Activity:
Provide a verbatim copy of all the records below, leaving the images out.

■ ■ ■ ■

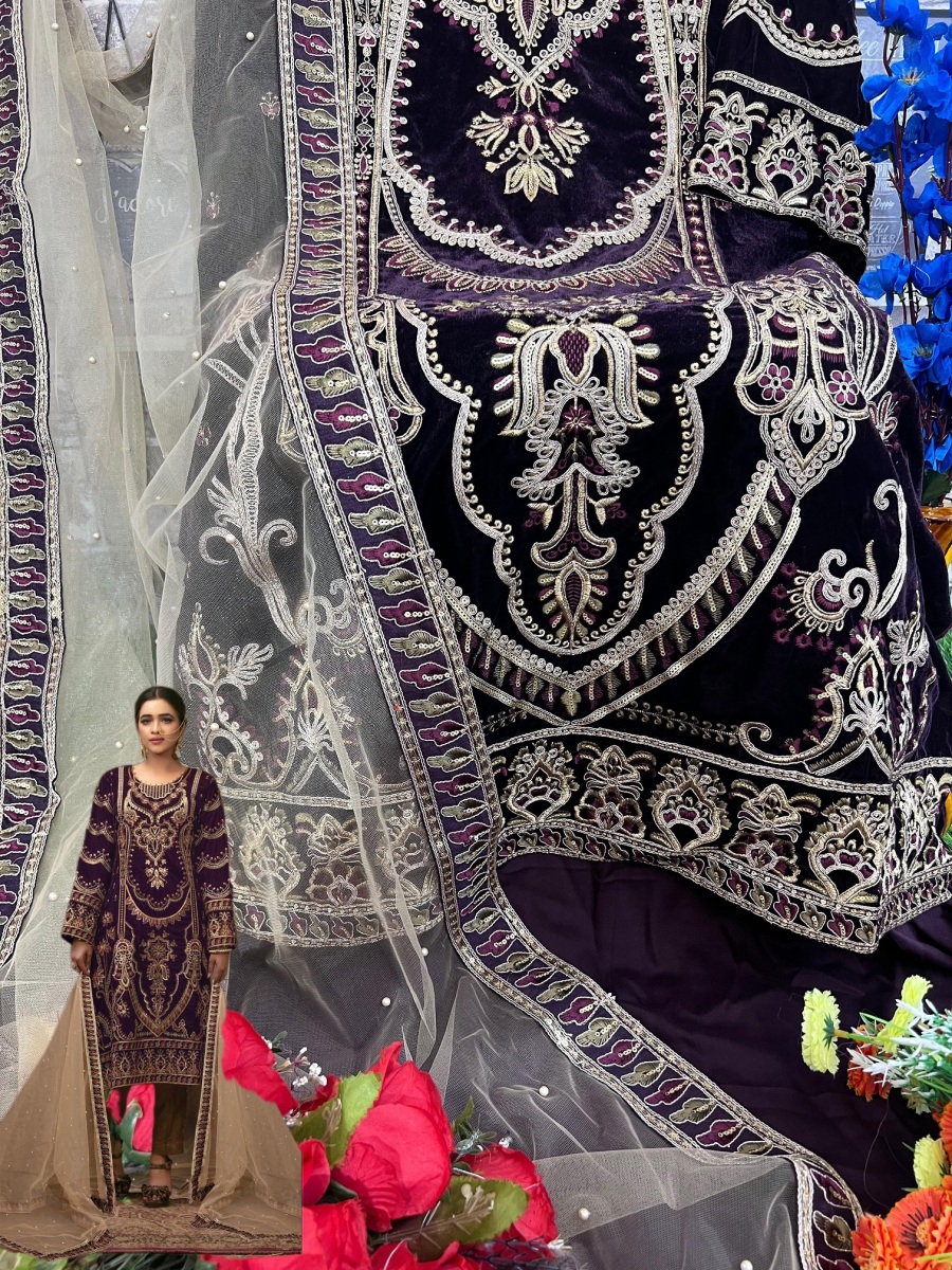FABRIC DETAILS :- Top: velvet with embroideryBottam:- reyon pasmina Dupatta : net with embroidery with less border with motiMOTIFZ 381 VELVET PAKISTANI SUITS MANUFACTURER
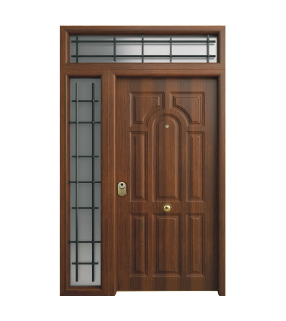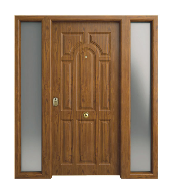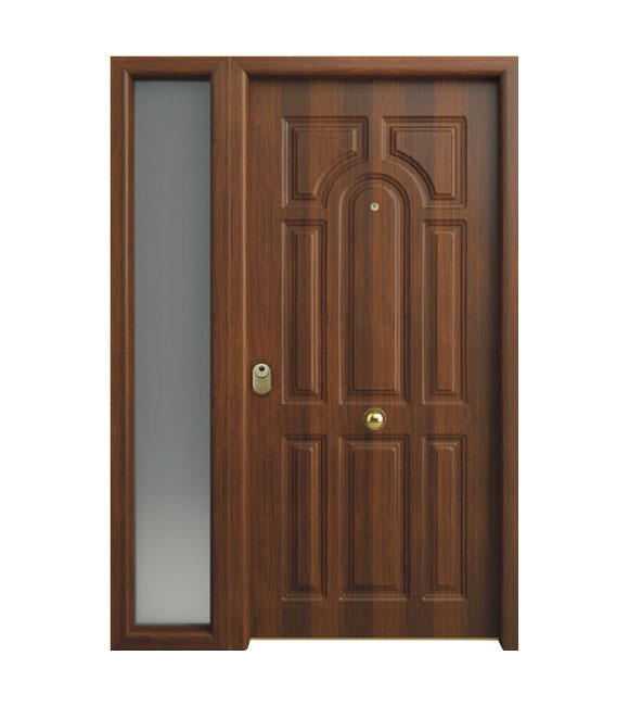 Puerta de seguridad en aluminio, Modelo 102. Con fijo lateral modelo 501. Pomo M09 dorado y mirilla dorada. Lacada en Nogal Oscuro, especial para su exposición a la intemperie.
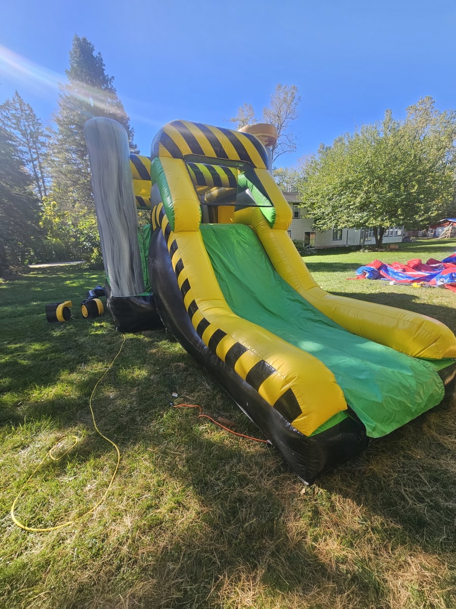 Designed to look like a hazardous waste zone, the Toxic Hazard Bounce N Slide boasts bright yellow and green colors, complete with caution signs and faux spillages that create an immersive and exciting atmosphere. The eye-catching theme ensures that your event stands out and keeps guests entertained from start to finish.
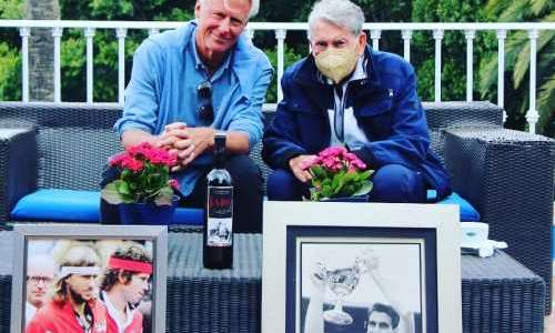 Bildtext: Björn Borg och Manolo Santana möttes sista gången i april ifjol. Santana avled 11 december. (Foto: Twitter @ManoloSantanaRC)
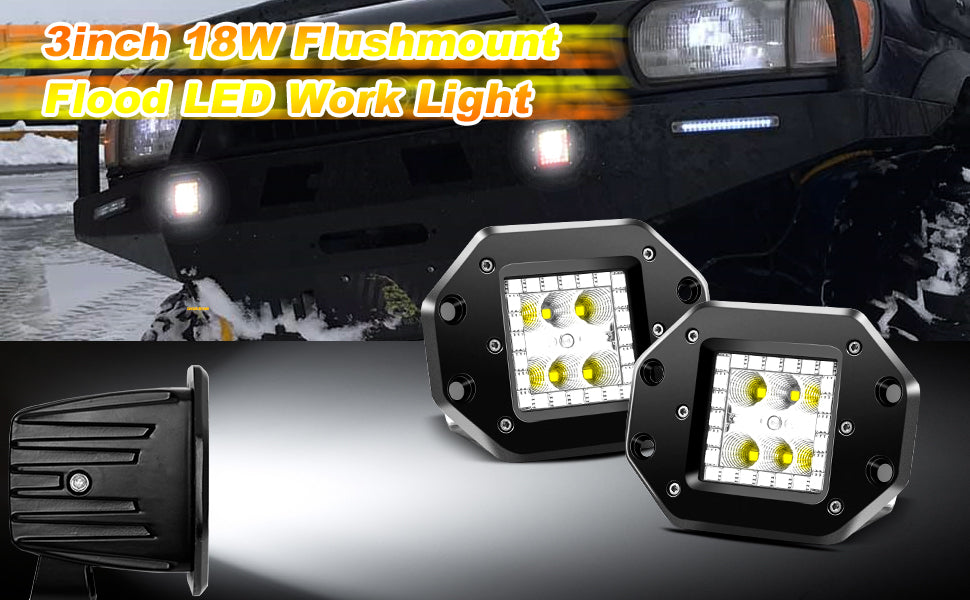 Superior-quality LED chips emit bright white light, effectively light up the forward dark road.Flush mount design gives the work light more protection and makes your off road vehicles look beautiful and cool
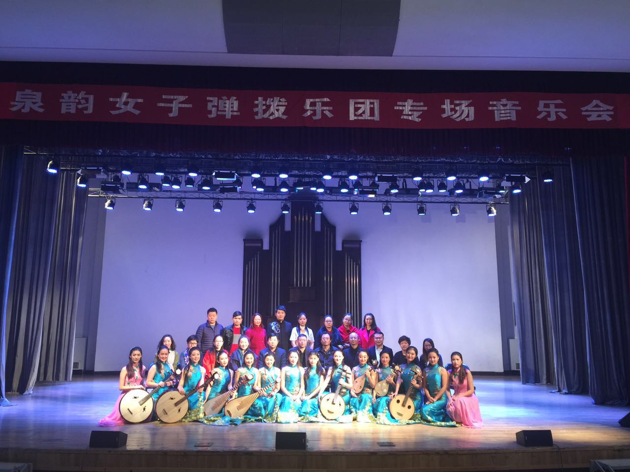 11月16晚上19:30,泉韵女子弹拨乐团于北方民族大学音乐厅举办泉韵女子弹拨乐团专场音乐会。北方民族大学音乐舞蹈学院院长雷兴明教授、作曲系主任赵宏伟、民乐系段茹、宁夏大学音乐与舞蹈学院书记张建国教授、宁夏师范学院音乐舞蹈学院院长姬文革教授以及北方民族大学的师生及同仁们也出席聆听了音乐会。
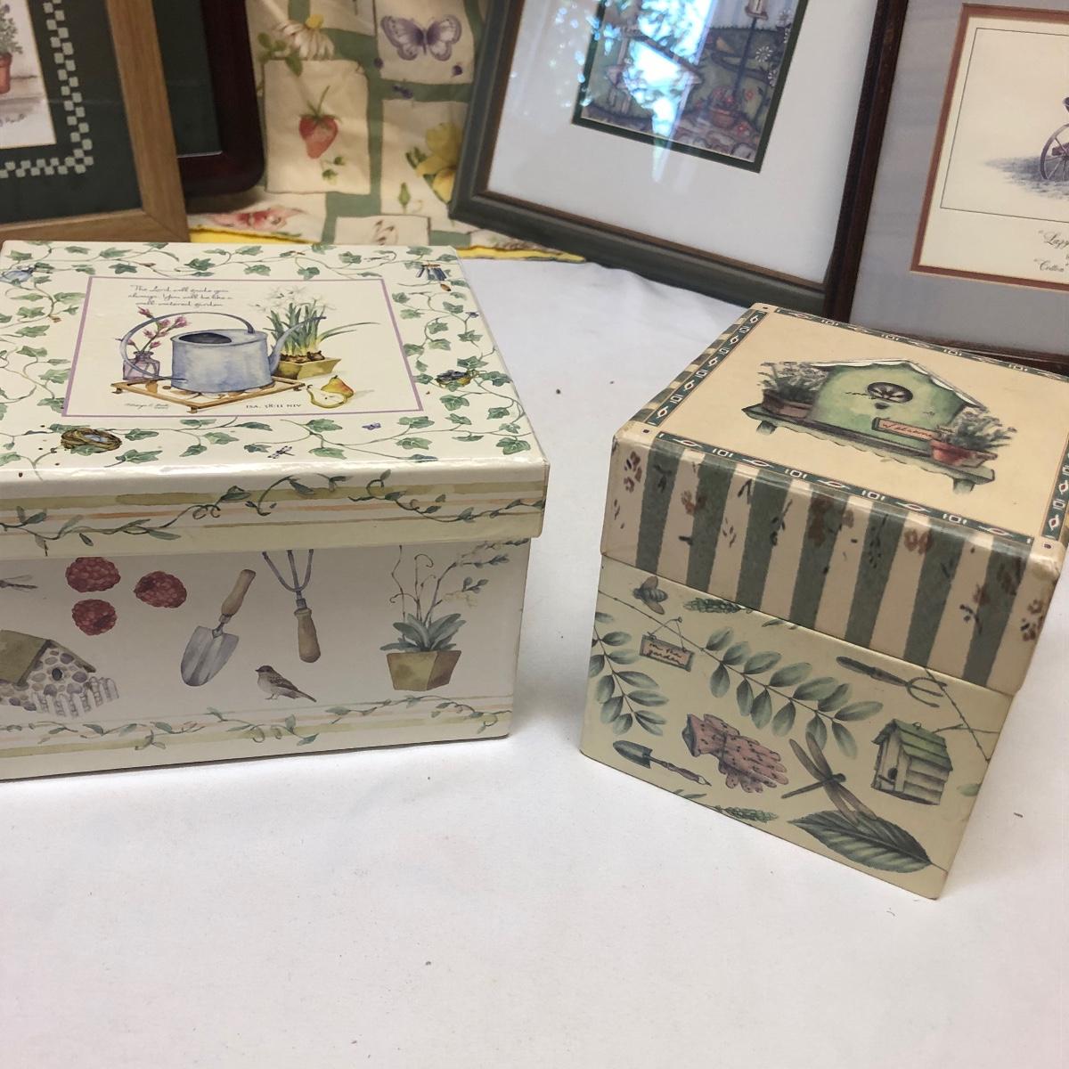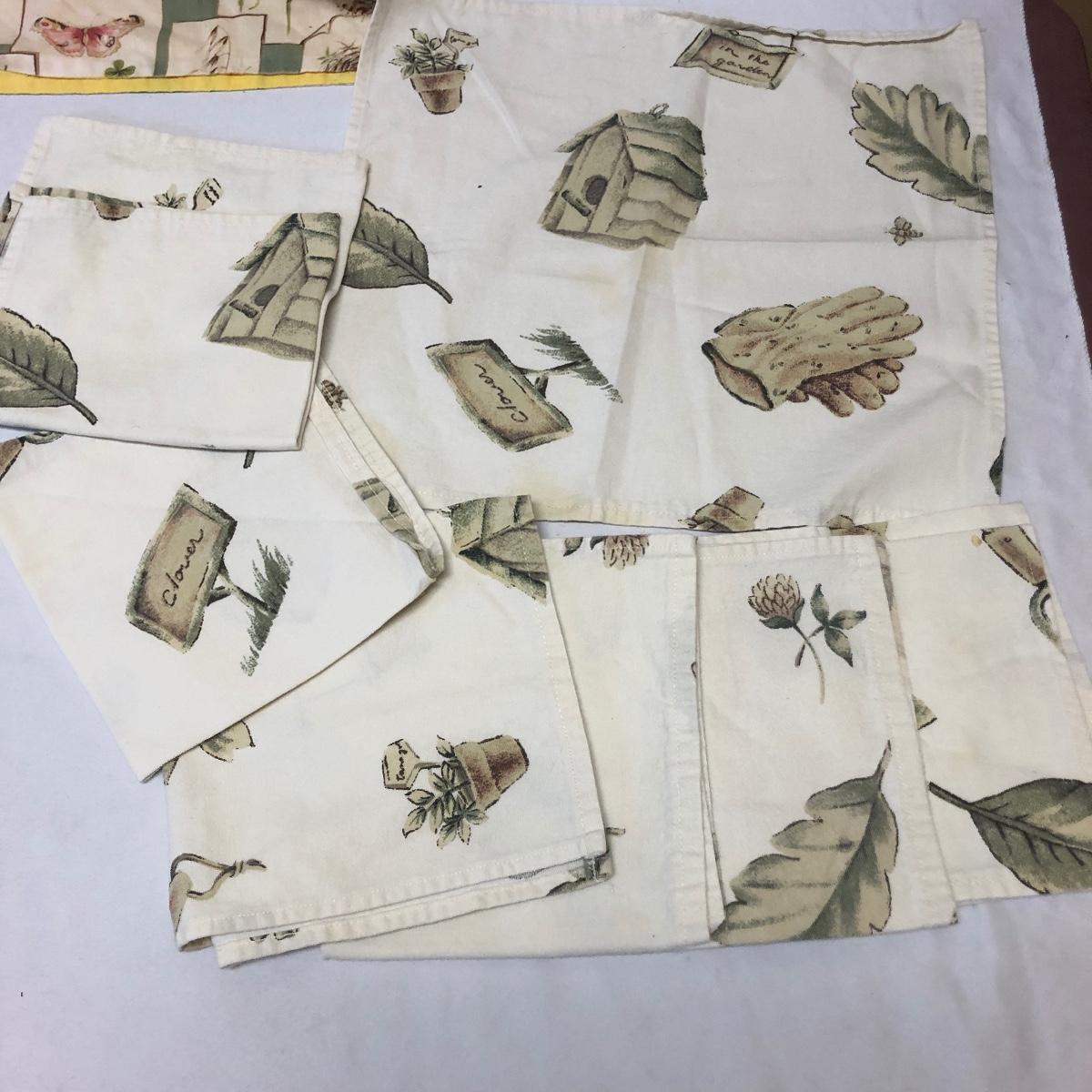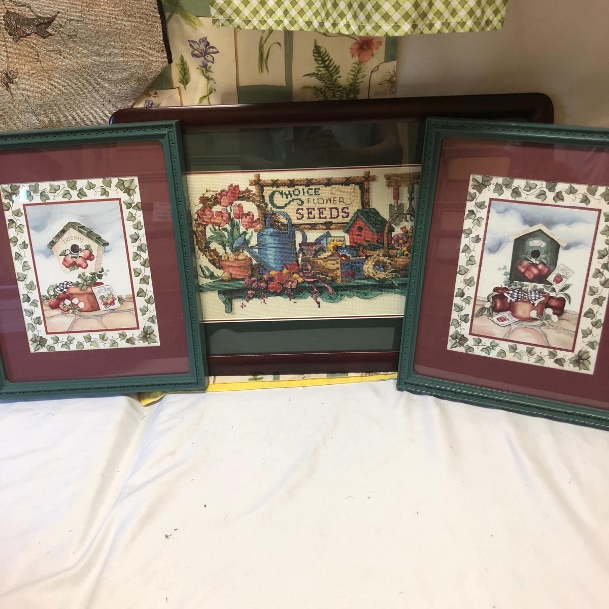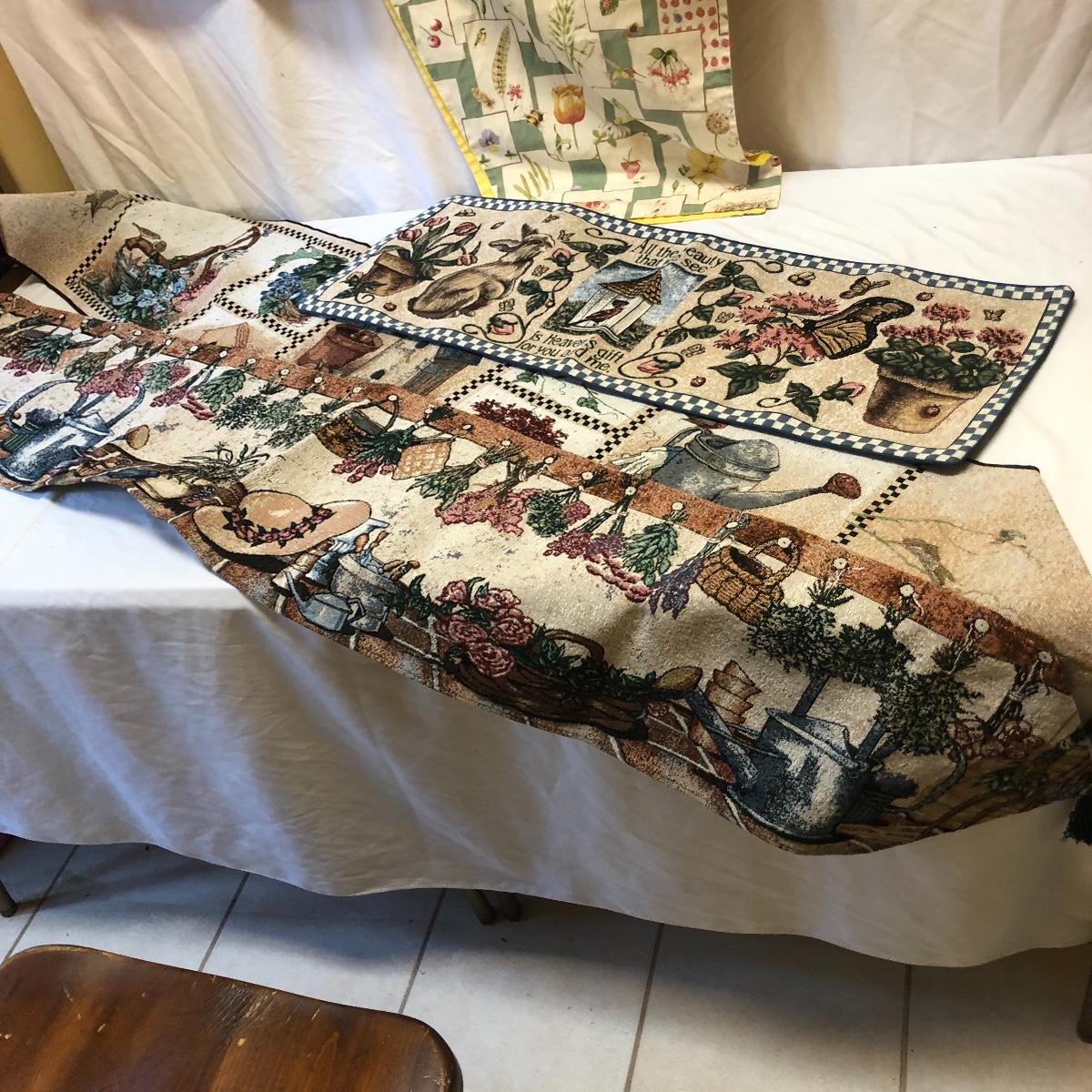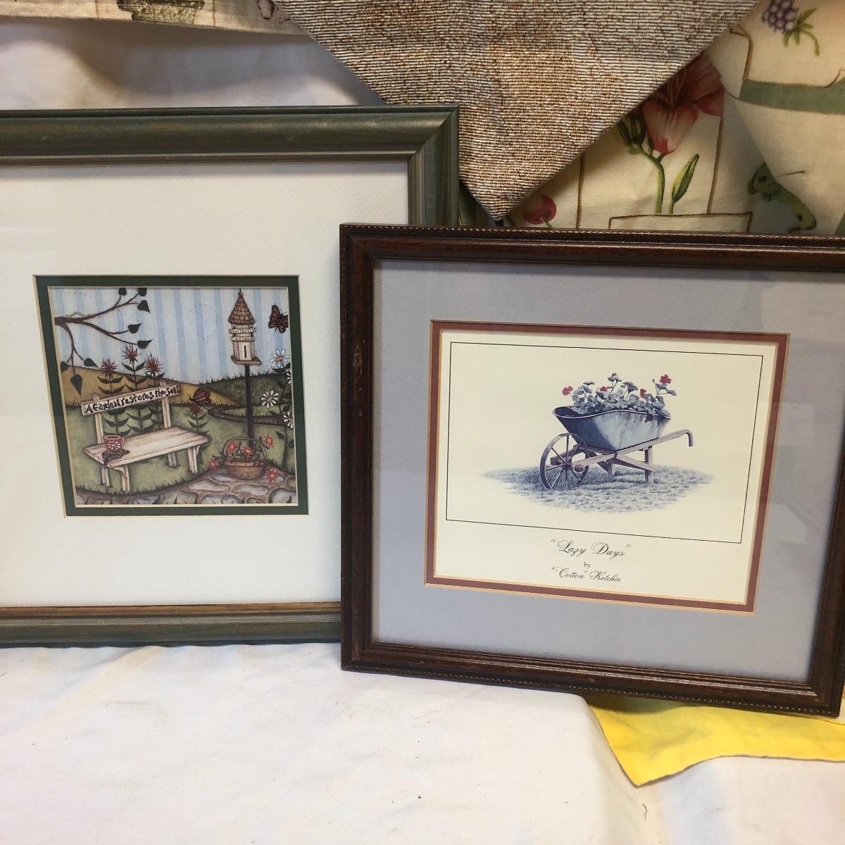 This very large lot is for all you garden lovers who like nothing better than bringing the outdoors in! Some of the many items include a picnic style basket, metal stovetop kettle, Marjolein Bastin teapot, 3 glass chopping boards, 2 small ceramic lamps (one untested as it takes a tiny bulb), throw pillows, both metal and ceramic decorative watering cans (including 1 Aynsley bone China), framed art prints (includes a Barbara Mock and NC artist Cotton Ketchie), 4 table runners, napkins (note the stain shown in last last image), 2 shower curtains, 3 curtains (2 are rod curtains and the other a valance), decorative plates and much more.

■ ■ ■ ■

Problem solution:
FABRIC DETAILS :- Top: velvet with embroideryBottam:- reyon pasmina Dupatta : net with embroidery with less border with motiMOTIFZ 381 VELVET PAKISTANI SUITS MANUFACTURER
 Puerta de seguridad en aluminio, Modelo 102. Con fijo lateral modelo 501. Pomo M09 dorado y mirilla dorada. Lacada en Nogal Oscuro, especial para su exposición a la intemperie.
 Designed to look like a hazardous waste zone, the Toxic Hazard Bounce N Slide boasts bright yellow and green colors, complete with caution signs and faux spillages that create an immersive and exciting atmosphere. The eye-catching theme ensures that your event stands out and keeps guests entertained from start to finish.
 Bildtext: Björn Borg och Manolo Santana möttes sista gången i april ifjol. Santana avled 11 december. (Foto: Twitter @ManoloSantanaRC)
 Superior-quality LED chips emit bright white light, effectively light up the forward dark road.Flush mount design gives the work light more protection and makes your off road vehicles look beautiful and cool
 11月16晚上19:30,泉韵女子弹拨乐团于北方民族大学音乐厅举办泉韵女子弹拨乐团专场音乐会。北方民族大学音乐舞蹈学院院长雷兴明教授、作曲系主任赵宏伟、民乐系段茹、宁夏大学音乐与舞蹈学院书记张建国教授、宁夏师范学院音乐舞蹈学院院长姬文革教授以及北方民族大学的师生及同仁们也出席聆听了音乐会。
 This very large lot is for all you garden lovers who like nothing better than bringing the outdoors in! Some of the many items include a picnic style basket, metal stovetop kettle, Marjolein Bastin teapot, 3 glass chopping boards, 2 small ceramic lamps (one untested as it takes a tiny bulb), throw pillows, both metal and ceramic decorative watering cans (including 1 Aynsley bone China), framed art prints (includes a Barbara Mock and NC artist Cotton Ketchie), 4 table runners, napkins (note the stain shown in last last image), 2 shower curtains, 3 curtains (2 are rod curtains and the other a valance), decorative plates and much more.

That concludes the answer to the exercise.